The admissions tax is part of reason why there were 37 years between the 2009 opening of Movieland, at Boulevard Square near Scott's Addition, and the Biograph Theatre, which opened on West Grace Street in 1972. Movieland, with 17 screens, is the last movie theater to open in the city.

On Feb. 11, the long-lost Biograph, which closed in 1987, will celebrate its 40th anniversary with a double-feature at what's now Virginia Commonwealth University's Grace Street Theater. To understand the effect the admissions tax has had on the entertainment options available in the city, it's important to understand what didn't happen — not just during the four decades between movie-house openings, and the films, the road shows and pop concerts that have skipped playing Richmond.

Here's how it works with movies:

Distributors and exhibitors agree on how to split the revenue that comes in at the box office. The percentage each might take can vary greatly, depending on the situation. To keep this simple, let's say the distributor of a new "Godzilla" movie agrees to an identical deal with two theaters. The Suburban Cinema in Chesterfield County and the Urban Theater in Richmond will open the picture on the same day; both theaters will pay the title's distributor 50 percent of the box-office take.

Unfortunately, the new "Godzilla" flops. It plays one week. Both exhibitors take in a paltry $2,000 each. So, according to terms, the distributor will get a check for $1,000 from the Suburban and a check for $930 from the Urban, which had to send the city's tax man $140. Of course, the Urban also will be subject to all the ordinary taxes and fees that businesses pay.

Next time the same distributor is likely to pick a movie theater in Henrico County as the second exhibitor for its product.
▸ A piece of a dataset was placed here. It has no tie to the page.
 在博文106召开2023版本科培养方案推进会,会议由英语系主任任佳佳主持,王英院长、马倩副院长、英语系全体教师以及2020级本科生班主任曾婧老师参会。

It's just simple math.

The same problem plays out with live shows. If you have a month to book the Truly Reincarnated Elvis show into 15 venues, you'll consider several factors in choosing the best situations. In this region, one will stand out: If you rent a Charlottesville music hall, no admissions tax will come out of the gross take. This means if the same show grosses $1 million at both John Paul Jones Arena and the Richmond Coliseum, the promoter would leave Charlottesville with $70,000 more than it would from Richmond.

In Richmond that 7 percent difference, coming off the top of the gross, squeezes the risk-reward ratio too much for lots of touring acts. By the way, this call for change isn't connected to efforts to cut any other taxes. It's not about starving the government beast. It's about allowing Richmond's impresarios, artists and musicians to thrive without cumbersome tax burdens. Eliminate the tax, and you just might see Richmond turn into the arts and culture center that so many envision.
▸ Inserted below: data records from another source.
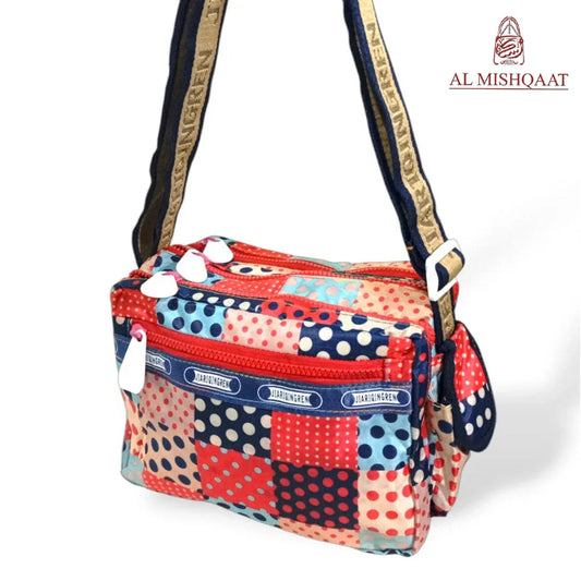 Multicolor dotted triple zipper bag
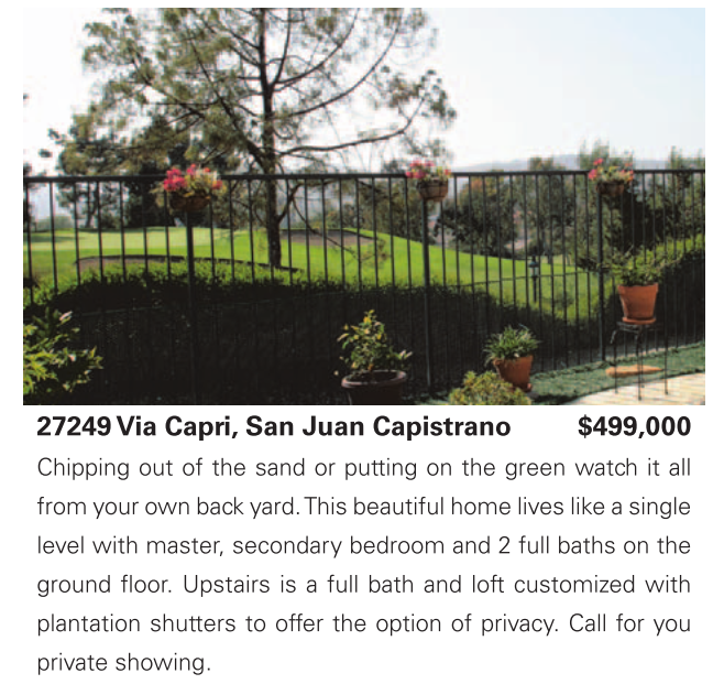 27249 Via Capri, San Juan Capistrano $499,000 Chipping out of the sand or putting on the green watch it all from your own back yard. This beautiful home lives like a single level with master, secondary bedroom and 2 full baths on the ground floor. Upstairs is a full bath and loft customized with plantation shutters to offer the option of privacy. Call for you private showing.
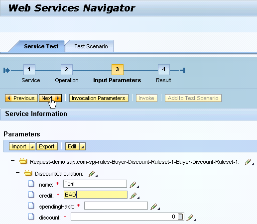 In the table of found service interfaces, select your rule set (Buyer_Discount_Ruleset_1PortType) and click the next two Next buttons to reach the dialog for entering the input parameters. Fill the fields as shown in Figure 11 and click the Next button to call the rule set. The result you receive should be similar to what is shown in Figure 12.

The admissions tax in Richmond isn't unique. Unlike Charlottesville, most cities in Virginia have such a tax, but other states have figured this out. There's no admissions tax in Nashville, Tenn., or Austin, Texas, two cities known for their great live music scenes. Last year's visit to Austin by a delegation of Richmond's leaders apparently didn't wise anybody up enough to see the light. What they should have learned on that trip is that cultivating a live music scene is good for business.

Alas, Richmond's clumsy efforts to revitalize its downtown using massive amounts of public funds have been going on for a good while, too. Anybody tired of that yet? In 2012 voters should turn up the volume, and call for City Council to abolish the admissions tax and stop stifling show business. S

F.T. Rea is a local artist and writer who managed the Biograph Theatre from 1972 to 1983.

Opinions expressed on the Back Page are those of the writer and not necessarily those of Style Weekly.